緊急避難時に命を危険にさらす乗客続出…航空業界、罰金も検討
緊急時の航空機避難において、乗客がスマートフォンでの撮影や手荷物の回収に固執し、避難を遅らせる危険な行動が頻発している。航空業界関係者は、罰金を導入することも視野に入れていると示唆し、早急な対策が求められている。
90秒以内の避難を阻む手荷物問題
航空機は、緊急時に90秒以内に全乗客が避難できるよう設計されている。しかし、手荷物を回収しようとする乗客が避難経路を塞ぎ、非常口や通路を妨害する事例が多発している。さらに、手荷物が非常用スライドに損傷を与えたり、負傷者を生じさせる可能性も指摘されている。国際航空運送協会(IATA)は、安全キャンペーン「命を救え、バッグではない」を開始し、乗客に対して手荷物を置いて避難するよう強く呼びかけている。
IATAのニック・ケアレン最高執行責任者によると、乗客の約4割が手荷物を置いて避難するという義務を知らないという調査結果が出ている。「このメッセージを徹底的に周知する必要がある」とケアレン氏は強調。罰金導入についても、「実現可能であれば検討する価値がある」と述べている。

Faaも警告、乗務員の苦悩
米連邦航空局(FAA)も、緊急時に乗務員の指示に従わない乗客が増加していると警告している。ブライアン・ベッドフォード事務局長は、「緊急時には、迅速な行動と指示への絶対的な服従が不可欠だ。乗客は手荷物をすべて置いて避難しなければならない」と強く訴えている。

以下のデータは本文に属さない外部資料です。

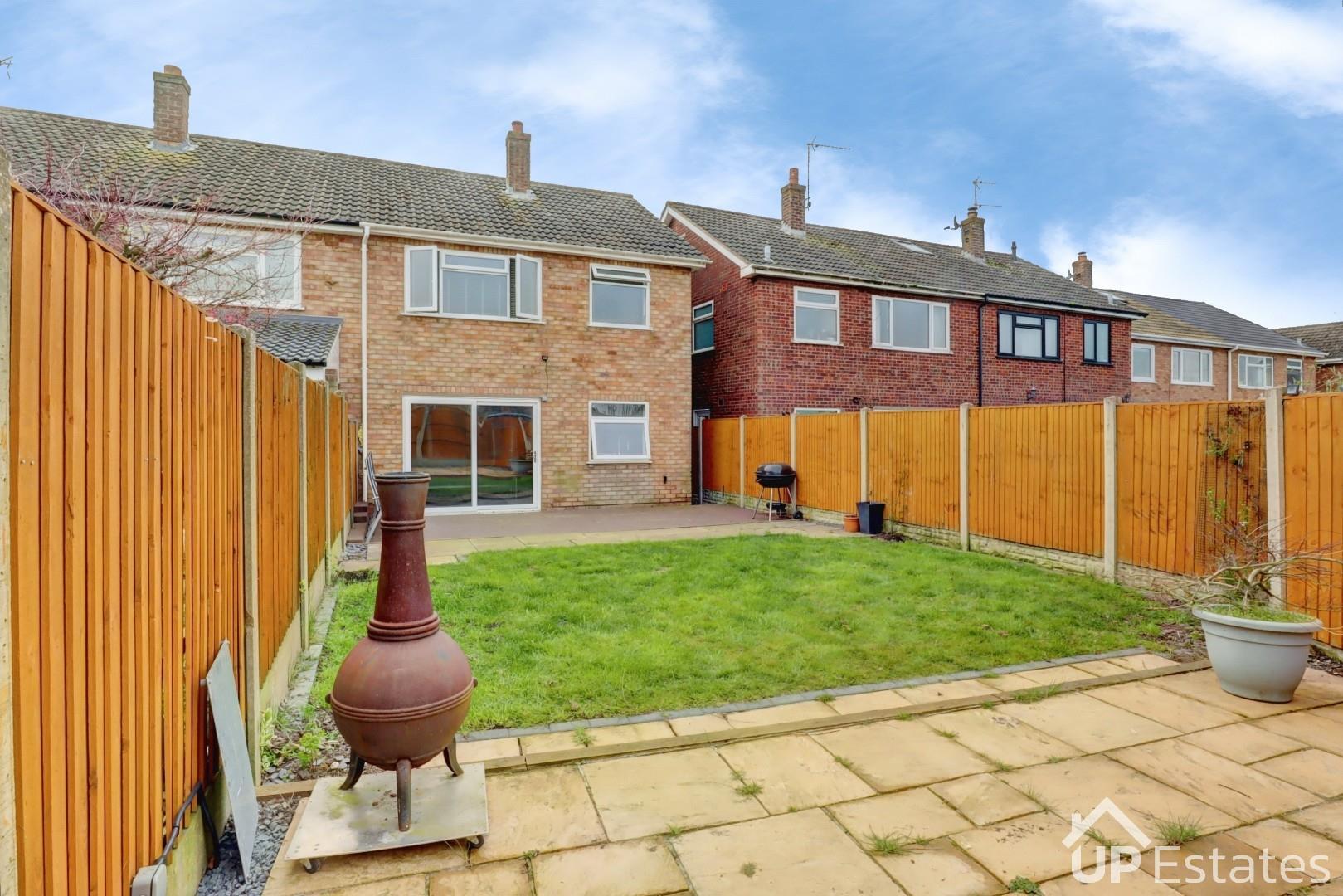 Upon entering the property, you are welcomed by an entrance hallway leading into a generous lobby area, which serves as the central hub of the home. To the front, there is a dining area for family meals or entertaining guests. The lobby also provides access to both the modern kitchen and the bright, spacious living room. The modern kitchen is fitted with built-in cupboards and offers pleasant views over the rear garden, creating a practical yet inviting cooking space. The living room is a standout feature of the home, boasting ample space and sliding patio doors that open directly onto the garden, allowing natural light to flood the room and creating a seamless indoor-outdoor living experience—ideal for relaxing or entertaining all year round. Upstairs, the property comprises three well-sized bedrooms and a stylish family bathroom, complete with a bath and overhead shower.

一方で、専門家は、緊急時の「闘争・逃走」反応が、乗客が手荷物を持ち出そうとする行動の背景にある可能性を指摘している。TikTok世代の乗客の中には、緊急事態の映像から利益を得ようとする動きも見られるという。西南航空のラケル・ラウダーミルク安全管理部長は、「乗客に直接的に指示し、行動を強要する必要がある。これは難しいが、我々が取り組むべき課題だ」と語る。

過去の痛ましい教訓と今後の対策
IATAのウィリー・ウォルシュ事務総長は、1985年のマンチェスター空港事故を振り返り、「航空機からの避難は、軽々しく決定されるものではない。避難が発生した場合は、躊躇なく脱出するべきだ」と強調した。しかし、IATAの動物キャラクターを起用した安全キャンペーンが、乗客の意識を変えることができるかどうかは不透明だ。ラウダーミルク氏は、「顧客を失うわけにはいかない。死体の映像を見せることなく、現実を伝える方法を見つけなければならない」と苦悩している。
手荷物よりも命を優先すること。航空業界は、罰金導入や手荷物収納ボックスの自動ロックなど、より強硬な対策を検討する必要があるだろう。しかし、最も重要なのは、乗客一人ひとりの意識改革だ。緊急時には、冷静さを保ち、乗務員の指示に従い、手荷物を置いて避難することが、自身の命を守るための唯一の方法であることを、強く認識すべきである。